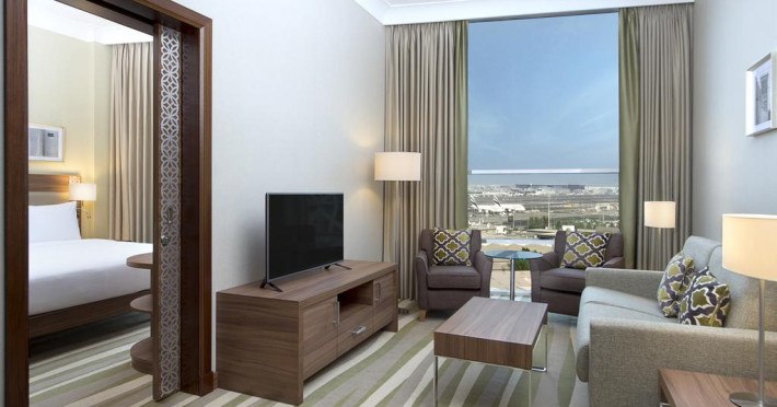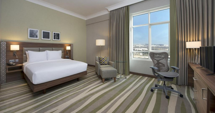 Fiecare cameră dispune de minibar și cană-fierbător. Oaspeții pot solicita serviciul de room service pentru a servi masa sau diverse băuturi. Unele camere au vedere la oraș. Camerele luminoase de la Hilton Garden Inn Dubai Al Muraqabat sunt dotate cu mochetă, aer condiționat, Tv cu canale prin satelit și seif. În camere există baie cu cadă sau duș ce are în dotare foehn și articole de toaletă gratuite. Oaspeții au acces gratuit la serviciul Wi-fi în camere. Curățenia in cameră se face zilnic. Toate camerele spațioase de la Hilton Garden Inn Dubai Al Muraqabat au zonă de relaxare cu canapea, ceea ce oferă un plus de confort. De asemenea, este disponibilă o zonă de luat masa. Proprietatea oferă camere pentru familie cu o suprafață mai mare și un număr mai mare de paturi față de cele standard. Se pot rezerva de asemenea camere pentru nefumători.
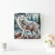 Reloj Cuadrado Majestuoso Lobo Blanco en el bosque de invierno
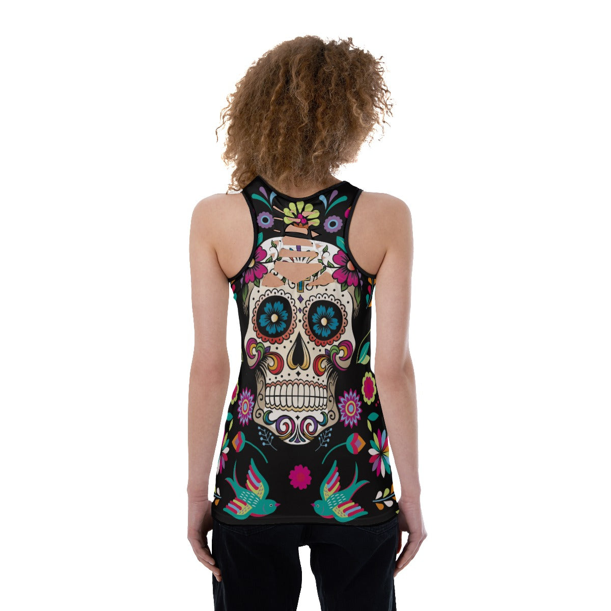 Sugar skull cinco de mayo Women's Back Hollow Tank Top
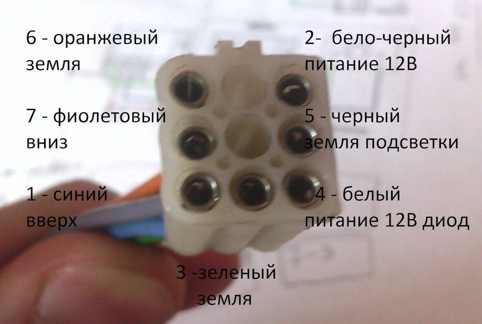 Верхние – нормальнозамкнутые, служат для реализации дистанционного управления с водительского места.Нижние – нормальноразомкнутые, служат для прямого управления с конкретной кнопки.Также есть светодиодная подсветка с собственными выводами на массу и питание, она работает при включении фар или габаритов.Все это добро выводится на семь ног разъема для подключения колодки(в моем случае пайки).
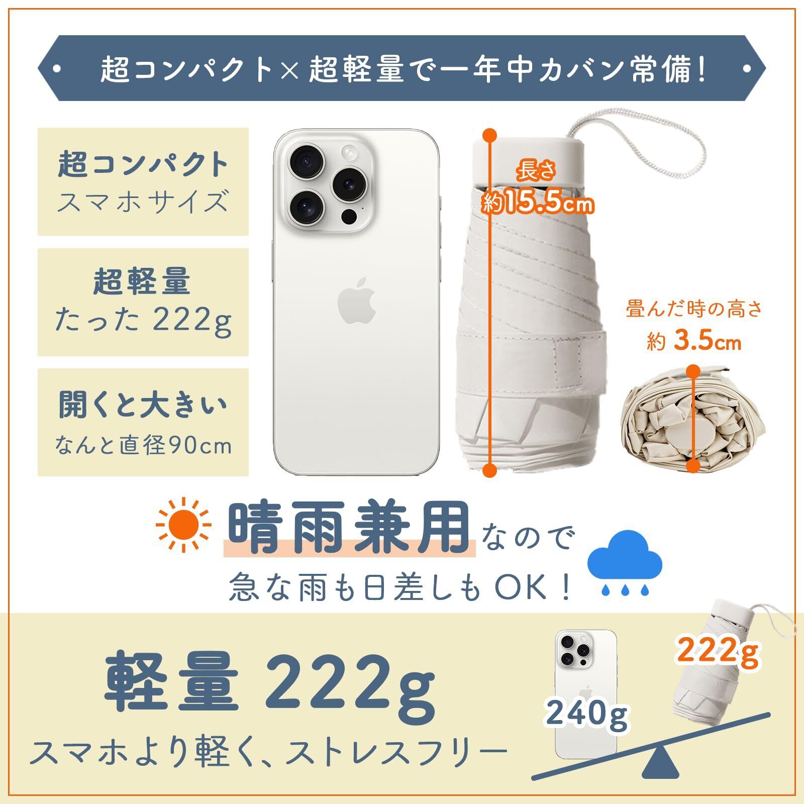 【超軽量222g 驚きのスマホサイズ】重さはiPhoneとほぼ同じ。ミニバッグの日も荷物が多い日もストレスなく持ち運べる小型×薄型の折り畳み傘です。折り畳んだ状態の本体の薄さはなんと3.5cm。高さは15.5cm。ポケットにも入る大きさです。
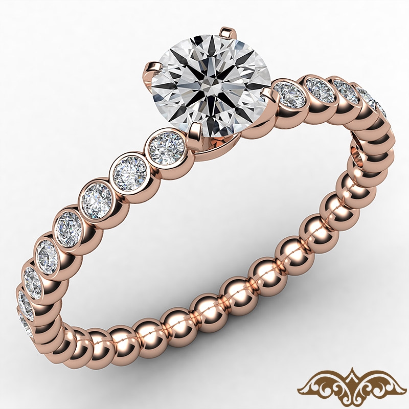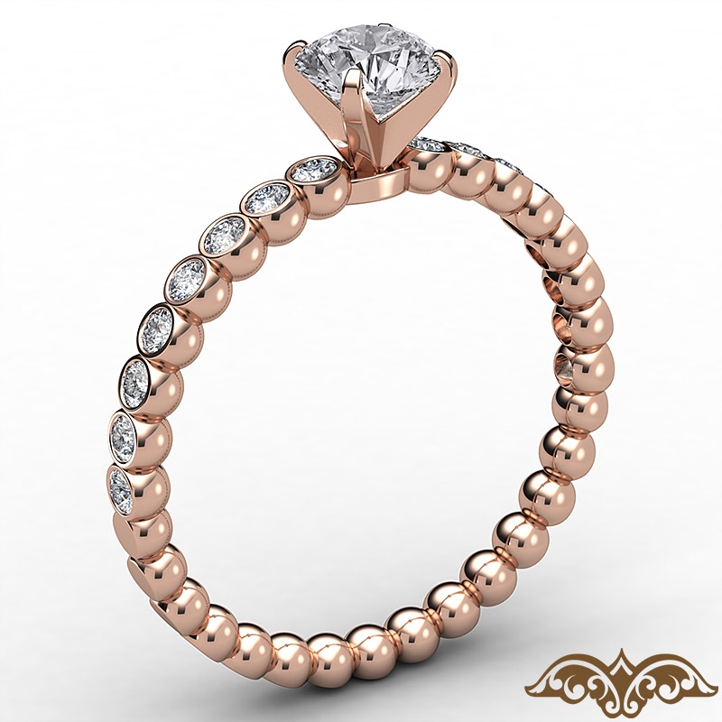 Bezel Bubble 4 Prong Peg Head style Engagement Ring, center is Round shape Diamond Report by IGI, D Color & VS1 clarity, Made in 18k Rose Gold (1.19 ct. tw.)
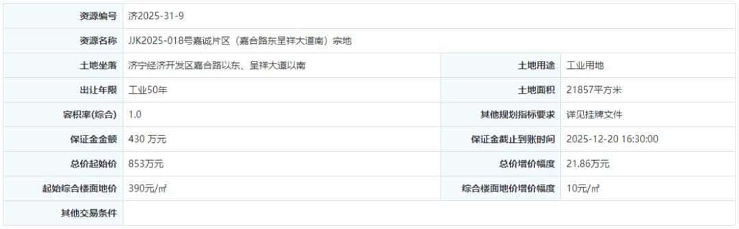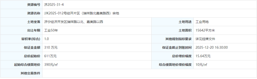 土地位于:济宁经济开发区瑞祥路以北、嘉美路以西;土地面积:15642㎡(约23.5亩);土地用途:工业用地;出让年限:50年;容积率不小于1.0;起始价:611万元,综合楼面价起价:390元/㎡;
....................
Task prompt: Each record above must be retyped exactly as given, with the images excluded.

Response for this exercise:
 Fiecare cameră dispune de minibar și cană-fierbător. Oaspeții pot solicita serviciul de room service pentru a servi masa sau diverse băuturi. Unele camere au vedere la oraș. Camerele luminoase de la Hilton Garden Inn Dubai Al Muraqabat sunt dotate cu mochetă, aer condiționat, Tv cu canale prin satelit și seif. În camere există baie cu cadă sau duș ce are în dotare foehn și articole de toaletă gratuite. Oaspeții au acces gratuit la serviciul Wi-fi în camere. Curățenia in cameră se face zilnic. Toate camerele spațioase de la Hilton Garden Inn Dubai Al Muraqabat au zonă de relaxare cu canapea, ceea ce oferă un plus de confort. De asemenea, este disponibilă o zonă de luat masa. Proprietatea oferă camere pentru familie cu o suprafață mai mare și un număr mai mare de paturi față de cele standard. Se pot rezerva de asemenea camere pentru nefumători.
 Reloj Cuadrado Majestuoso Lobo Blanco en el bosque de invierno
 Sugar skull cinco de mayo Women's Back Hollow Tank Top
 Верхние – нормальнозамкнутые, служат для реализации дистанционного управления с водительского места.Нижние – нормальноразомкнутые, служат для прямого управления с конкретной кнопки.Также есть светодиодная подсветка с собственными выводами на массу и питание, она работает при включении фар или габаритов.Все это добро выводится на семь ног разъема для подключения колодки(в моем случае пайки).
 【超軽量222g 驚きのスマホサイズ】重さはiPhoneとほぼ同じ。ミニバッグの日も荷物が多い日もストレスなく持ち運べる小型×薄型の折り畳み傘です。折り畳んだ状態の本体の薄さはなんと3.5cm。高さは15.5cm。ポケットにも入る大きさです。
 Bezel Bubble 4 Prong Peg Head style Engagement Ring, center is Round shape Diamond Report by IGI, D Color & VS1 clarity, Made in 18k Rose Gold (1.19 ct. tw.)
 土地位于:济宁经济开发区瑞祥路以北、嘉美路以西;土地面积:15642㎡(约23.5亩);土地用途:工业用地;出让年限:50年;容积率不小于1.0;起始价:611万元,综合楼面价起价:390元/㎡;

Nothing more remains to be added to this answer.